Date: April 25, 1956

Location: Pittsburgh, Pa.

Genre: Letter

Topic: Montgomery Bus Boycott

Details

Prattis was executive editor of the Pittsburgh Courier, an influential African-American newspaper with a nationwide circulation that claimed to be the “largest Negro weekly newspaper in the world. ” 1 Courier reporter Evelyn Cunningham had written extensively on the bus boycott and visited Montgomery for King’s trial, but here Prattis urges King to tell his story “in your own words.” King replied on 1 May.2

Dr. Martin Luther King, Jr.,
Dexter Avenue Baptist Church,
Dexter Avenue,
Montgomery, Alabama.

Dear Dr. King:

It has just occurred to us that you have never told your story in connection with the Montgomery bus situation.

We thought Miss Cunningham did an excellent job when one takes into account the speed with which she had to work. But only you, in your own words, can tell what this entire “accident of history” has really meant.

We want to offer you the opportunity to point up the significance of the Montgomery story in three articles, each of not more than 1,000 words in length. This we believe, would give you the chance to tell the public of hitherto untold facets of the story.

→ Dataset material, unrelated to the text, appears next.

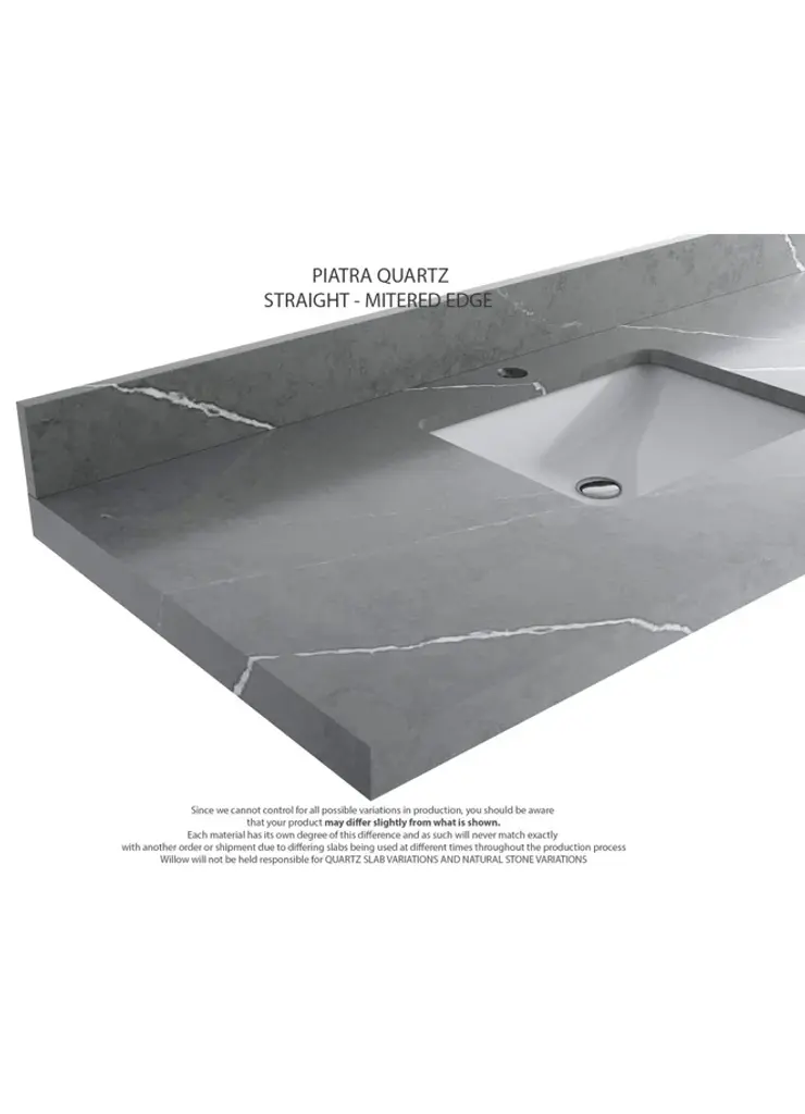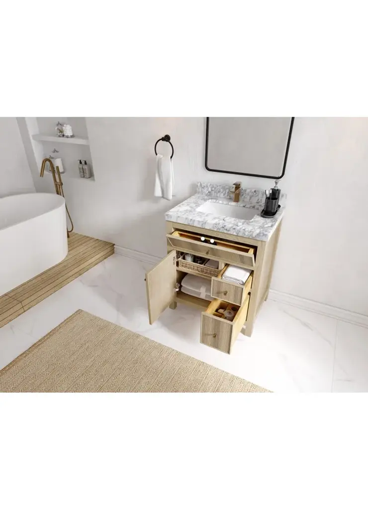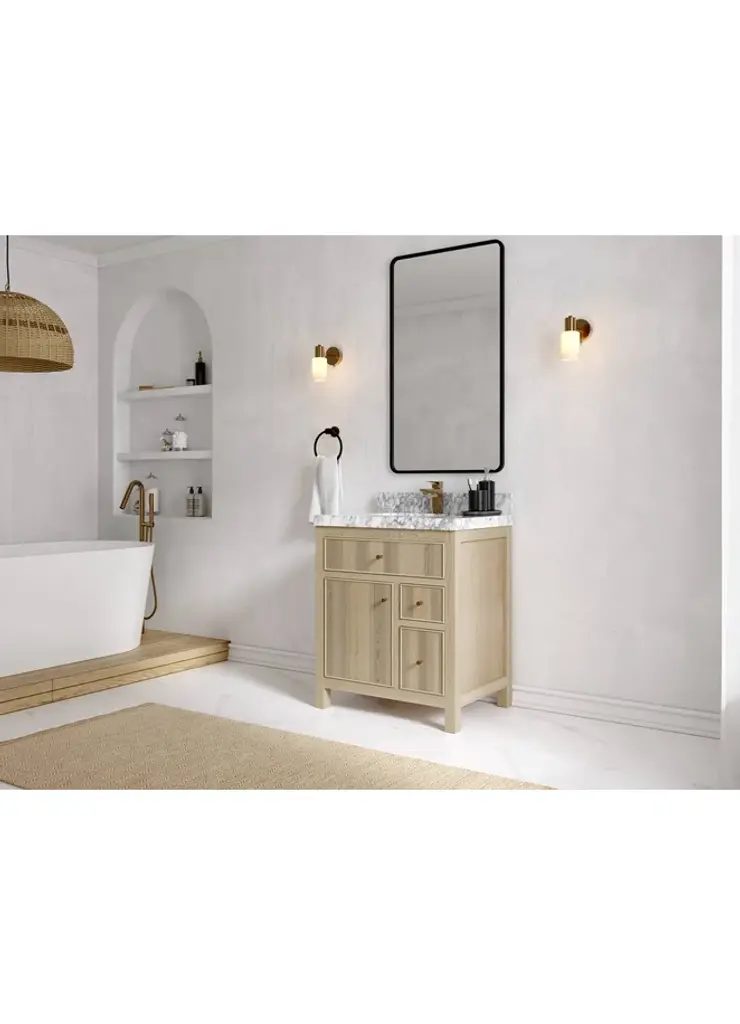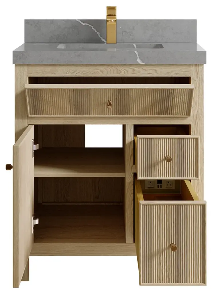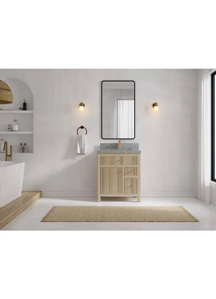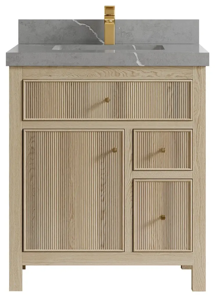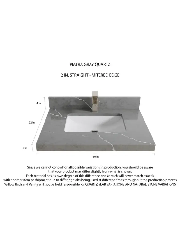 Willow Collection Sonoma Oak 30 x 22 Single Sink Bath Vanity with 2" Straight/ Mitered Edge Piatra Gray QuartzLooking for a classic and luxurious bathroom vanity that will make a statement in your home? Look no further than the Sonoma White Oak vanity. This elegant piece is constructed with solid oak and plywood, and features a beautiful reeded design. The white oak finish is perfect for creating a sophisticated look in your bathroom, and the vanity is also covered with a durable veneer to protect it from everyday wear and tear. Plus, this vanity comes with plenty of storage space, so you can keep all your bathroom essentials organized and within easy reach. Whether you are looking for a new addition to your master bathroom or a guest bathroom upgrade, the Sonoma White Oak vanity is the perfect choice. FEATURES: 1. Traditional style with a modern twist - made from teak wood, this bathroom vanity features a clean, contemporary design with soft-close hardware and antique brass hardware. 2. Premium quartz or marble countertops - choose from a variety of colors to perfectly match your existing decor. 3. Made from sustainable and eco-friendly Teak wood, this product is a great way to provide your home with the comfort you deserve. The FSC certificate ensures that it meets strict environmental standards 4. Plenty of storage space - this vanity comes with plenty of cabinet space to store all your bathroom essentials. 5. Easy Carry - The cabinets are easy to carry because they come in 2 separate boxes. Countertop and cabinet, so you can just pick up the pieces without worrying about lifting heavy items!Details:Material: Premium Oak WoodFinish Available: White OakNumber of Drawers: 1 Tip Out Drawer, 3 Regular Drawers, 1 ShelfSink Installation: Under-mounted rectangle SINK(S)Hardware: Soft closing hinges and sliderCabinet Width: 29 (in.)Cabinet Depth: 21-1/2 (in.)Countertop Width: 30 (in.)Countertop Depth: 22 (in.)Cabinet Height: 34 (in.)Countertop Height: 1.5 (in.) Double Cove Edge or 2 (in.) Straight/ Mitered EdgeCabinet Height with Top: 36 (in.)Backsplash Height: 4 (in.)Faucet: NOT IncludedFaucet Hole(S): Comes with a SINGLE hole faucetVanity Countertops options: Mitered /Straight edge or Double Cove Edge (Pure White Quartz, Calacatta Laza Quartz, Calacatta Nuvo Quartz, Empira White Quartz, Carrara Marble, Carrara Quartz, Piatra Gray Quartz, Calacatta Black, Calacatta Gold, Venatino Quartz, Pearl Light Gray, Viola Brown, Viola Gold, Viola Night, 2" Viola Biagio, 2" Calacatta Sienna, 3 CM Artic White)

It would also provide a device which you could use to give proper credit to all those persons who have worked with you, colored and white.

The Courier would also like to be the medium through which the Montgomery Improvement Association expressed its appreciation to the many persons and agencies, white and colored, throughout the country, who have helped through moral and financial support. We are not interested in exact figures as to the amount given, but we are interested in the spread of interest, geographically and inter-racially.

We hope very much that you will use The Courier as the medium through which you might accomplish the foregoing objectives of (1) pointing up your own philosophy in respect to the problem you have faced and the significance of the action taken as a tactic in race relations; (2) giving due credit to those who have worked with you in the Association, and (3) expressing appreciation for the moral and financial support the Association has received.

Will you do this job? You can choose your own time, but we would like to know at least five weeks in advance if and when you will do it. Thank you.

Yours very truly,
[signed]
P.L. Prattis
Executive Editor

PLP/vs

1. Quotation from Prattis’s stationery. Percival Leroy Prattis (1895-1980) was born in Philadelphia and attended Christiansburg Industrial Institute, Hampton Institute, and Ferris Institute. After working as an editor and writer for the Michigan State News and the Chicago Defender, Prattis joined the Associated Negro Press in 1923, where he remained for twelve years. After a short stint at the New York Amsterdam News he joined the Pittsburgh Courier in 1936, where he served as city editor until 1940, executive editor until 1956, editor-in-chief until 1961, and finally as associate publisher and treasurer until 1963.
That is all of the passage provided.